*About this task*
Transcribe nothing except the lines below that run from the one with "Produire des légumes" to the one with "Die beiden Musikerinnen", ends included, and do not copy any picture.

*Records*
----

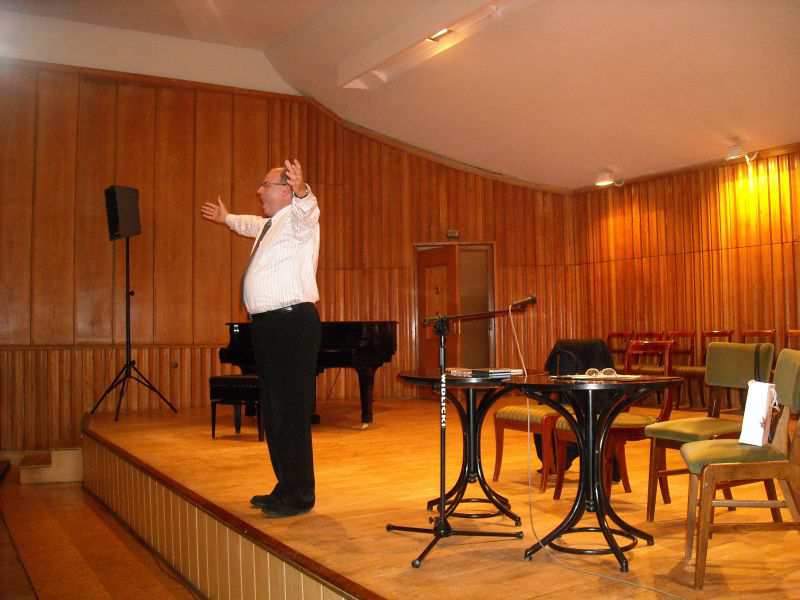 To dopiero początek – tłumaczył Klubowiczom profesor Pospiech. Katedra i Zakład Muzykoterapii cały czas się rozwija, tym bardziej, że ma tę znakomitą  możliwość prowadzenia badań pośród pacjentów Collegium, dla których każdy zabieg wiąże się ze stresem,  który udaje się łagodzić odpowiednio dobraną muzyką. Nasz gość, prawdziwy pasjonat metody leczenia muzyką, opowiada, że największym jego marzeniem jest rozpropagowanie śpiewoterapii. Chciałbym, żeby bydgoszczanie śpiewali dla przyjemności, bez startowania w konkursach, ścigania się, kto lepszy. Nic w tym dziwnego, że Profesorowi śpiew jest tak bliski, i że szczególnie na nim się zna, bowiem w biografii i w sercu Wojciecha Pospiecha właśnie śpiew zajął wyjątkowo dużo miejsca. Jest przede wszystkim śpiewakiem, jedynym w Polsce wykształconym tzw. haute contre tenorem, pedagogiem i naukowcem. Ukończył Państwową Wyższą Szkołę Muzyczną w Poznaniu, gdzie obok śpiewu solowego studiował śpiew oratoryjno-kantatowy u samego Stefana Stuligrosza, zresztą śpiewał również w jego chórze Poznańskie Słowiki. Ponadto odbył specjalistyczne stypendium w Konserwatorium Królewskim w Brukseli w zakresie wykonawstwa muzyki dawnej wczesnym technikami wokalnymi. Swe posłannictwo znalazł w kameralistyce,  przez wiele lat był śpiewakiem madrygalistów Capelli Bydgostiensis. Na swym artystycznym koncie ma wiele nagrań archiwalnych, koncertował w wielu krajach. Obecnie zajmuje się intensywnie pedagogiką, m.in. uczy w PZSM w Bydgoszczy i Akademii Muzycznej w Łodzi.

----

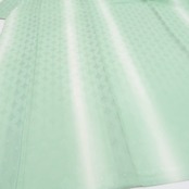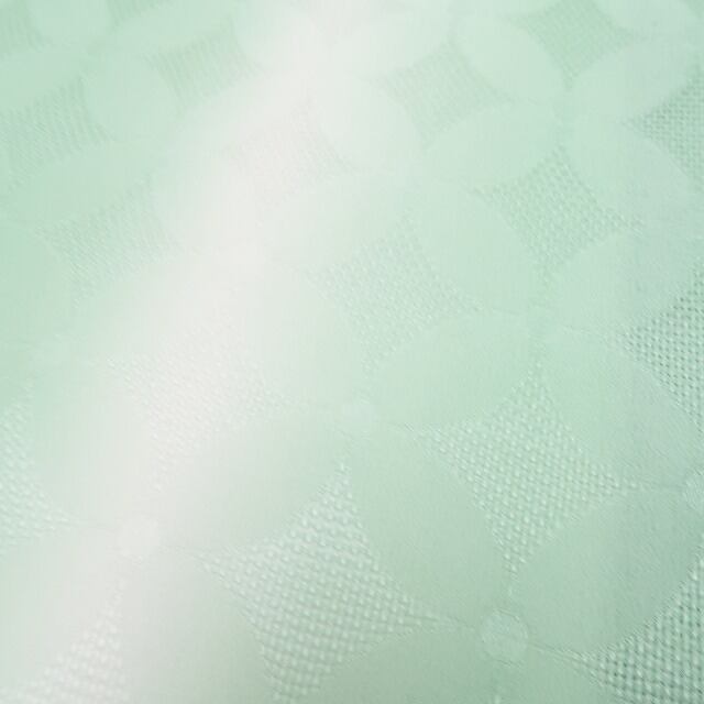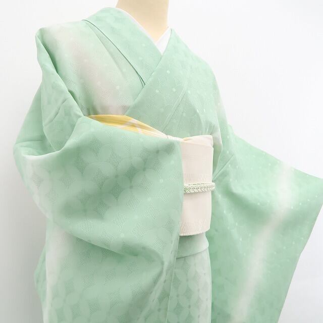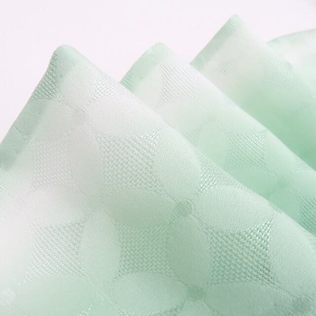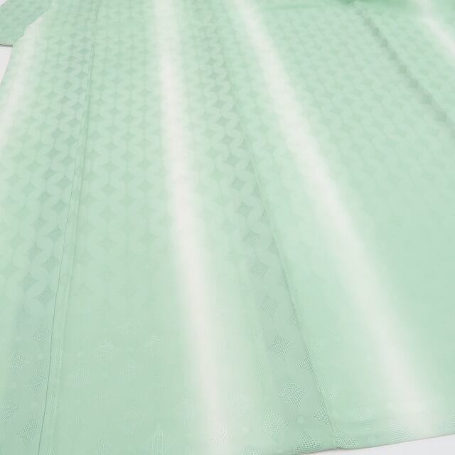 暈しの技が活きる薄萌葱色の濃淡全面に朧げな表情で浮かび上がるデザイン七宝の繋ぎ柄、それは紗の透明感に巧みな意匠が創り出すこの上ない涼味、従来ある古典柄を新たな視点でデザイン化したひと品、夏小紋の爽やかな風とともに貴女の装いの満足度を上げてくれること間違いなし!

----

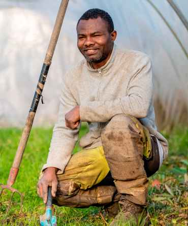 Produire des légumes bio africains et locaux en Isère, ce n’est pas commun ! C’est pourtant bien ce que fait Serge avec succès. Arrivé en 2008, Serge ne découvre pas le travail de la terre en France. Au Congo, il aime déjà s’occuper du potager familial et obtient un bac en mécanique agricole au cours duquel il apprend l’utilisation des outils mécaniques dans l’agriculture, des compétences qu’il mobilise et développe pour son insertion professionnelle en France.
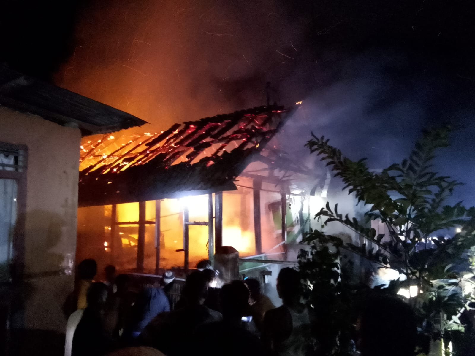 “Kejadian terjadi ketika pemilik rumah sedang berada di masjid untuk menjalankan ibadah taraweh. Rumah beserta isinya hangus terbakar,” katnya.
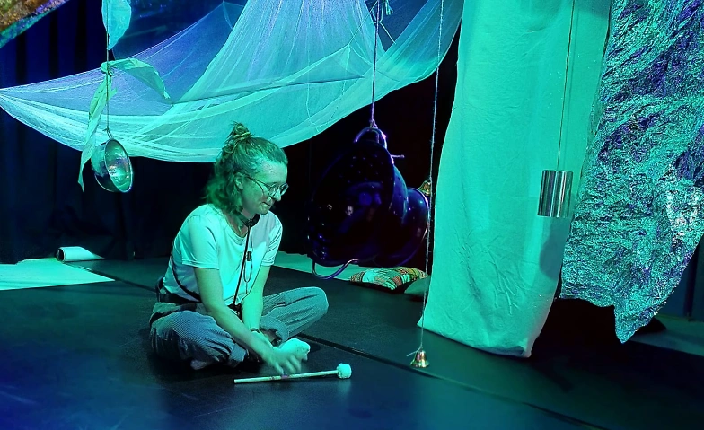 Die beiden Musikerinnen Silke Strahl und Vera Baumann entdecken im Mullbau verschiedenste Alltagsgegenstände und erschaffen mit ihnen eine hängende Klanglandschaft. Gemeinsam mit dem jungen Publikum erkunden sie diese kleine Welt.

----

*Exercise solution*
 Produire des légumes bio africains et locaux en Isère, ce n’est pas commun ! C’est pourtant bien ce que fait Serge avec succès. Arrivé en 2008, Serge ne découvre pas le travail de la terre en France. Au Congo, il aime déjà s’occuper du potager familial et obtient un bac en mécanique agricole au cours duquel il apprend l’utilisation des outils mécaniques dans l’agriculture, des compétences qu’il mobilise et développe pour son insertion professionnelle en France.
 “Kejadian terjadi ketika pemilik rumah sedang berada di masjid untuk menjalankan ibadah taraweh. Rumah beserta isinya hangus terbakar,” katnya.
 Die beiden Musikerinnen Silke Strahl und Vera Baumann entdecken im Mullbau verschiedenste Alltagsgegenstände und erschaffen mit ihnen eine hängende Klanglandschaft. Gemeinsam mit dem jungen Publikum erkunden sie diese kleine Welt.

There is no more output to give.